> _What you should do_:
Could the data below be copied exactly, minus the pictures?

> _Information supplied_:
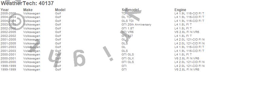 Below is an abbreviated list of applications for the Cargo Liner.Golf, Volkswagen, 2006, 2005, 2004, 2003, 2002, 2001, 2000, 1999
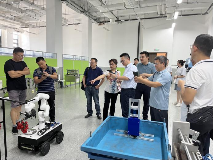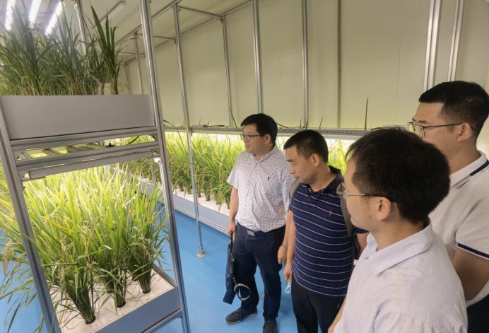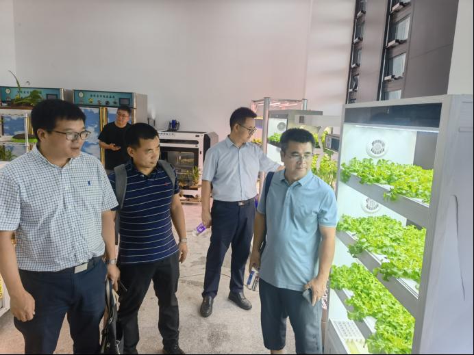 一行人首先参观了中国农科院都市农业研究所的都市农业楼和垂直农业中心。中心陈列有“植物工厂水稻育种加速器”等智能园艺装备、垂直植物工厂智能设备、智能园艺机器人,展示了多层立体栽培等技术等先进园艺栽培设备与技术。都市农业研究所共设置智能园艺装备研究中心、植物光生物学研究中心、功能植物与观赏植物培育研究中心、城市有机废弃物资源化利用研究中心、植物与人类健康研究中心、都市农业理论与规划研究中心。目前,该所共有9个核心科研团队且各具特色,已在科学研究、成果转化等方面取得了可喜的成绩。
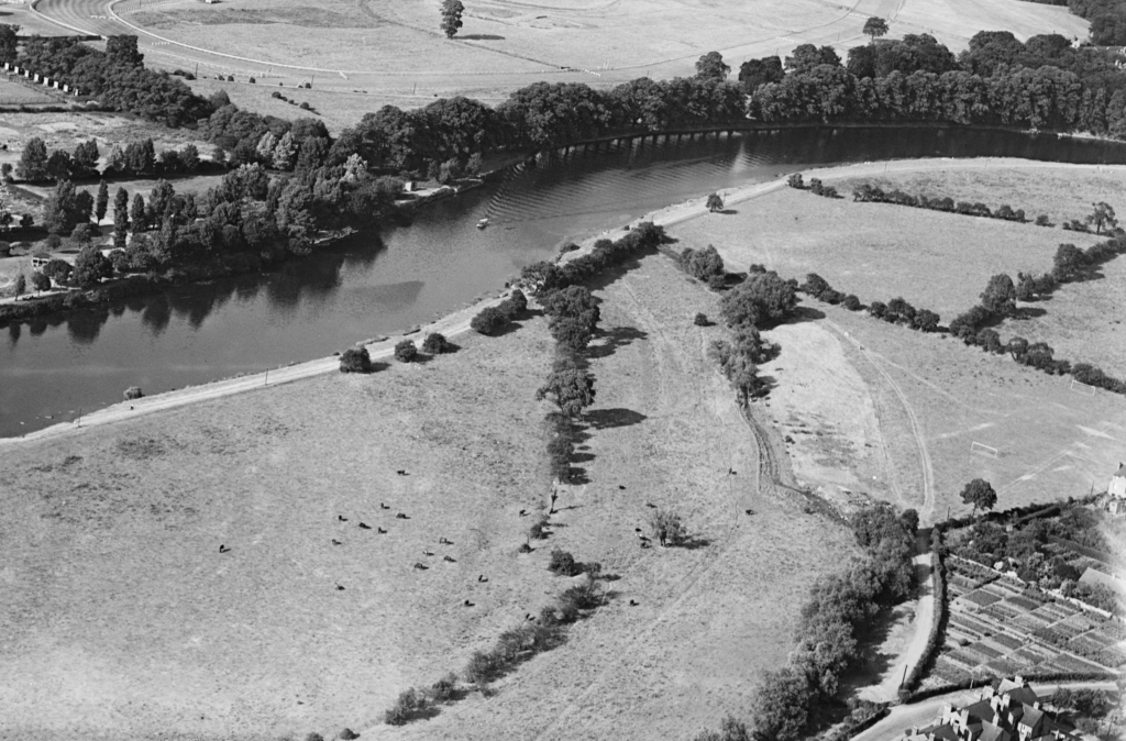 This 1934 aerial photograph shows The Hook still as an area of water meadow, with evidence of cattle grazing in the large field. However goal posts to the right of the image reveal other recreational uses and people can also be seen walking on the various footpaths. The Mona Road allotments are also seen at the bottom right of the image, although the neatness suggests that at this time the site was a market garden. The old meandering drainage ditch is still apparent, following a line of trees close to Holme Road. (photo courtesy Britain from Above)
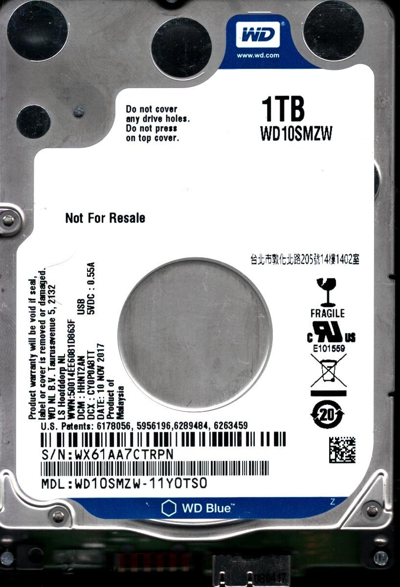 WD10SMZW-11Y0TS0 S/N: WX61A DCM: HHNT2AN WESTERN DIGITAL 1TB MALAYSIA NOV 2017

> _Response below_:
 Below is an abbreviated list of applications for the Cargo Liner.Golf, Volkswagen, 2006, 2005, 2004, 2003, 2002, 2001, 2000, 1999
 一行人首先参观了中国农科院都市农业研究所的都市农业楼和垂直农业中心。中心陈列有“植物工厂水稻育种加速器”等智能园艺装备、垂直植物工厂智能设备、智能园艺机器人,展示了多层立体栽培等技术等先进园艺栽培设备与技术。都市农业研究所共设置智能园艺装备研究中心、植物光生物学研究中心、功能植物与观赏植物培育研究中心、城市有机废弃物资源化利用研究中心、植物与人类健康研究中心、都市农业理论与规划研究中心。目前,该所共有9个核心科研团队且各具特色,已在科学研究、成果转化等方面取得了可喜的成绩。
 This 1934 aerial photograph shows The Hook still as an area of water meadow, with evidence of cattle grazing in the large field. However goal posts to the right of the image reveal other recreational uses and people can also be seen walking on the various footpaths. The Mona Road allotments are also seen at the bottom right of the image, although the neatness suggests that at this time the site was a market garden. The old meandering drainage ditch is still apparent, following a line of trees close to Holme Road. (photo courtesy Britain from Above)
 WD10SMZW-11Y0TS0 S/N: WX61A DCM: HHNT2AN WESTERN DIGITAL 1TB MALAYSIA NOV 2017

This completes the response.